What is needed is an exact transcription of every entry below, with the pictures left out.
*** Block opens ***
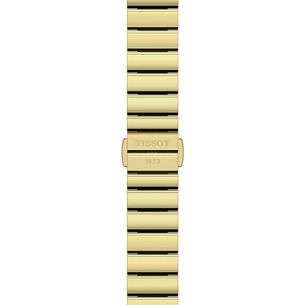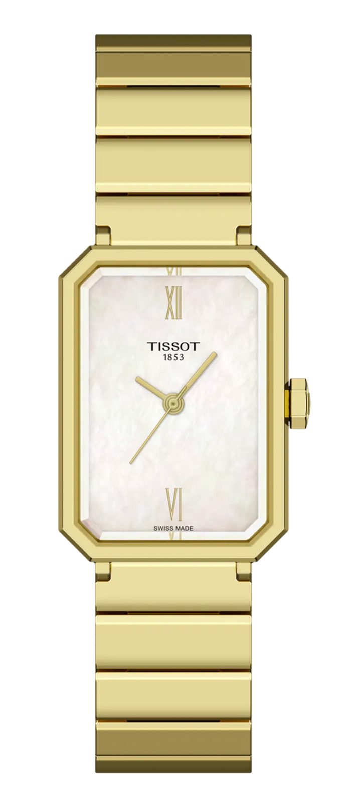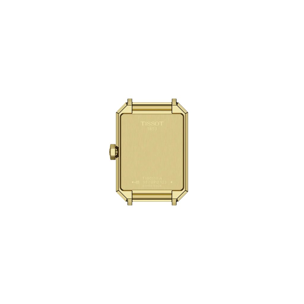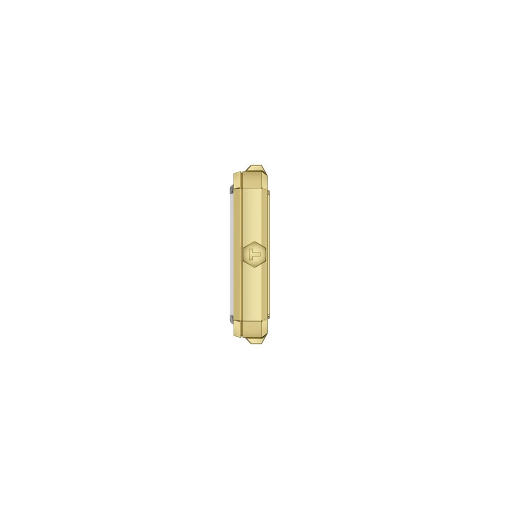 Carcasa de formă dreptunghiulară este fabricată din oțel inoxidabil, care este completată de o brățară din același material. Atât carcasa, cât și brățara sunt finisate în PVD aur galben. Coroana în formă de hexagon cu logo-ul mărcii este, de asemenea, o trăsătură caracteristică a carcasei. Cadranul alb din nucă de perle, curat și elegant, este protejat de un cristal de safir foarte rezistent la zgârieturi.
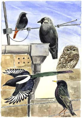 |  |  Star  Hausrotschwanz  Elster  Dohle  Steinkauz  Starenschwarm jagt einen Sperber
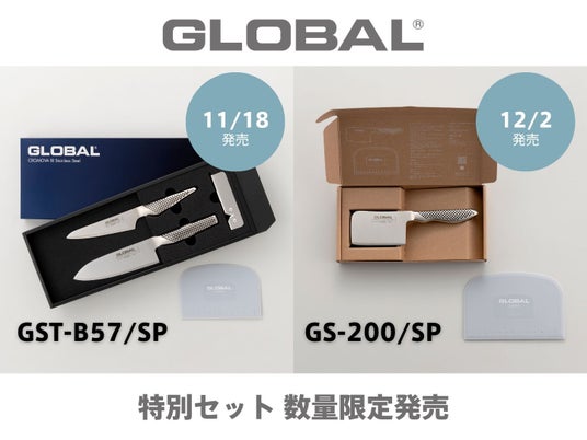 オールステンレス一体型包丁の先駆けとして、星付きのシェフから一般家庭まで、40年以上にわたり世界中のキッチンで愛される『GLOBAL』から、人気の商品を組み合わせた特別セット2種が数量限定にて発売されます。
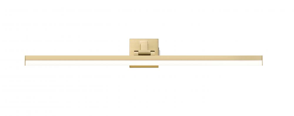 Delivering a contemporary and transitional mix to bath space lighting, this one-light vanity light features sleek accents suggestive of industrial attitude. Sculptural elements maintain symmetry and clean lines in a fixture with a warm modern gold finish aluminum frame and a frosted plastic diffuser, emitting dimmable lighting with options for perfecting the level of ideal white color.
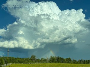 The rain suddenly paused just long enough that the feed delivery was completed without getting soaked. The driver said that wasn’t the case on his prior stop, after which he followed the storm the whole way to our place, watching the brilliant lightning strikes on the back edge of the squall. While I was standing with the horses waiting for him to arrive, we witnessed one of those fascinating strikes split into two zagging streaks, followed so closely by the bang of thunder that both the horses and I flinched because it felt too close for comfort.
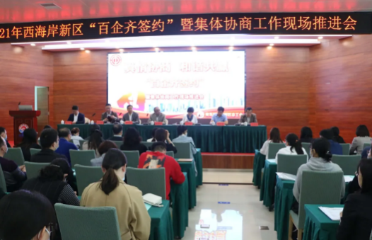 学党史办实事 “百企齐签约”——青岛西海岸新区总工会开展“百企齐签约”暨集体协商 工作现场推进会
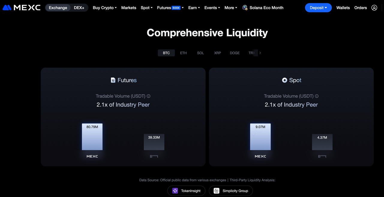 Например, на примере торговой пары BTCUSDT: при расчете общего объема лимитных ордеров в пределах ±5 базисных пунктов от средней цены, портфель ордеров MEXC составляет около 80,79 млн USDT, в то время как у глобального конкурента из топ-3 – около 39,33 млн USDT. Это означает, что ликвидность MEXC примерно в 2,1 раза выше, чем у лидера индустрии.
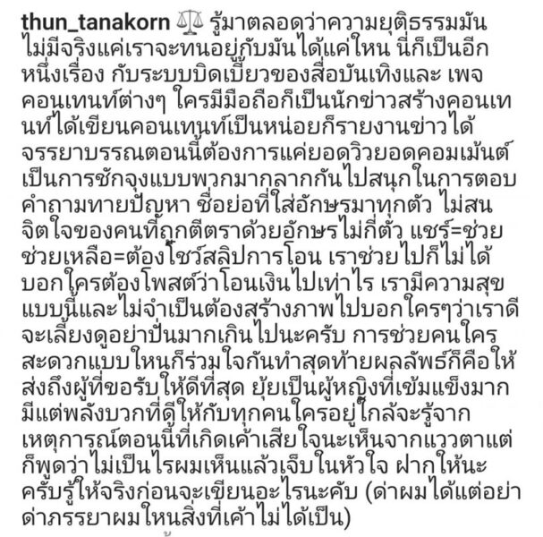 ส่วนทาง ธันน์ ธนากร ที่ทนอยู่เฉยไม่ไหวก็ออกมาโพสต์ปกป้องภรรยาว่า “รู้มาตลอดว่าความยุติธรรมมันไม่มีจริงแค่เราจะทนอยู่กับมันได้แค่ใหน นี่ก็เป็นอีกหนึ่งเรื่อง กับระบบบิดเบี้ยวของสื่อบันเทิงและ เพจคอนเทนท์ต่าง ๆ ใครมีมือถือก็เป็นนักข่าวสร้างคอนเทนท์ได้เขียนคอนเทนท์เป็นหน่อยก็รายงานข่าวได้ จรรยาบรรณตอนนี้ต้องการแค่ยอดวิวยอดคอมเม้นต์ เป็นการชักจุงแบบพวกมากลากกันไปสนุกในการตอบคำถามทายปัญหา ชื่อย่อที่ใส่อักษรมาทุกตัว ไม่สนจิตใจของคนที่ถูกตีตราด้วยอักษรไม่กี่ตัว แชร์=ช่วย ช่วยเหลือ=ต้องโชว์สลิปการโอน
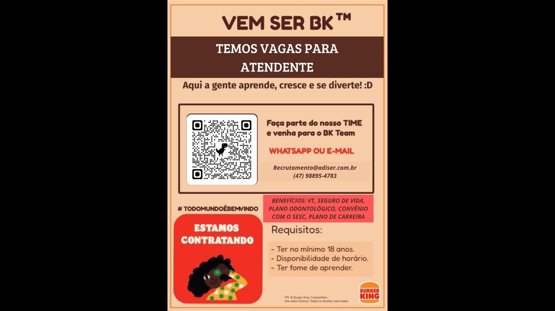Estamos em busca de um Atendente para se juntar à nossa equipe no Burger King. Como parte da equipe, você será responsável por garantir que nossos clientes tenham uma experiência inesquecível em cada visita. Este é um ótimo momento para se juntar a uma marca reconhecida globalmente por sua qualidade e serviço excepcional.
*** Block closes ***
**Expected answer**
 Carcasa de formă dreptunghiulară este fabricată din oțel inoxidabil, care este completată de o brățară din același material. Atât carcasa, cât și brățara sunt finisate în PVD aur galben. Coroana în formă de hexagon cu logo-ul mărcii este, de asemenea, o trăsătură caracteristică a carcasei. Cadranul alb din nucă de perle, curat și elegant, este protejat de un cristal de safir foarte rezistent la zgârieturi.
 |  |  Star  Hausrotschwanz  Elster  Dohle  Steinkauz  Starenschwarm jagt einen Sperber
 オールステンレス一体型包丁の先駆けとして、星付きのシェフから一般家庭まで、40年以上にわたり世界中のキッチンで愛される『GLOBAL』から、人気の商品を組み合わせた特別セット2種が数量限定にて発売されます。
 Delivering a contemporary and transitional mix to bath space lighting, this one-light vanity light features sleek accents suggestive of industrial attitude. Sculptural elements maintain symmetry and clean lines in a fixture with a warm modern gold finish aluminum frame and a frosted plastic diffuser, emitting dimmable lighting with options for perfecting the level of ideal white color.
 The rain suddenly paused just long enough that the feed delivery was completed without getting soaked. The driver said that wasn’t the case on his prior stop, after which he followed the storm the whole way to our place, watching the brilliant lightning strikes on the back edge of the squall. While I was standing with the horses waiting for him to arrive, we witnessed one of those fascinating strikes split into two zagging streaks, followed so closely by the bang of thunder that both the horses and I flinched because it felt too close for comfort.
 学党史办实事 “百企齐签约”——青岛西海岸新区总工会开展“百企齐签约”暨集体协商 工作现场推进会
 Например, на примере торговой пары BTCUSDT: при расчете общего объема лимитных ордеров в пределах ±5 базисных пунктов от средней цены, портфель ордеров MEXC составляет около 80,79 млн USDT, в то время как у глобального конкурента из топ-3 – около 39,33 млн USDT. Это означает, что ликвидность MEXC примерно в 2,1 раза выше, чем у лидера индустрии.
 ส่วนทาง ธันน์ ธนากร ที่ทนอยู่เฉยไม่ไหวก็ออกมาโพสต์ปกป้องภรรยาว่า “รู้มาตลอดว่าความยุติธรรมมันไม่มีจริงแค่เราจะทนอยู่กับมันได้แค่ใหน นี่ก็เป็นอีกหนึ่งเรื่อง กับระบบบิดเบี้ยวของสื่อบันเทิงและ เพจคอนเทนท์ต่าง ๆ ใครมีมือถือก็เป็นนักข่าวสร้างคอนเทนท์ได้เขียนคอนเทนท์เป็นหน่อยก็รายงานข่าวได้ จรรยาบรรณตอนนี้ต้องการแค่ยอดวิวยอดคอมเม้นต์ เป็นการชักจุงแบบพวกมากลากกันไปสนุกในการตอบคำถามทายปัญหา ชื่อย่อที่ใส่อักษรมาทุกตัว ไม่สนจิตใจของคนที่ถูกตีตราด้วยอักษรไม่กี่ตัว แชร์=ช่วย ช่วยเหลือ=ต้องโชว์สลิปการโอน
Estamos em busca de um Atendente para se juntar à nossa equipe no Burger King. Como parte da equipe, você será responsável por garantir que nossos clientes tenham uma experiência inesquecível em cada visita. Este é um ótimo momento para se juntar a uma marca reconhecida globalmente por sua qualidade e serviço excepcional.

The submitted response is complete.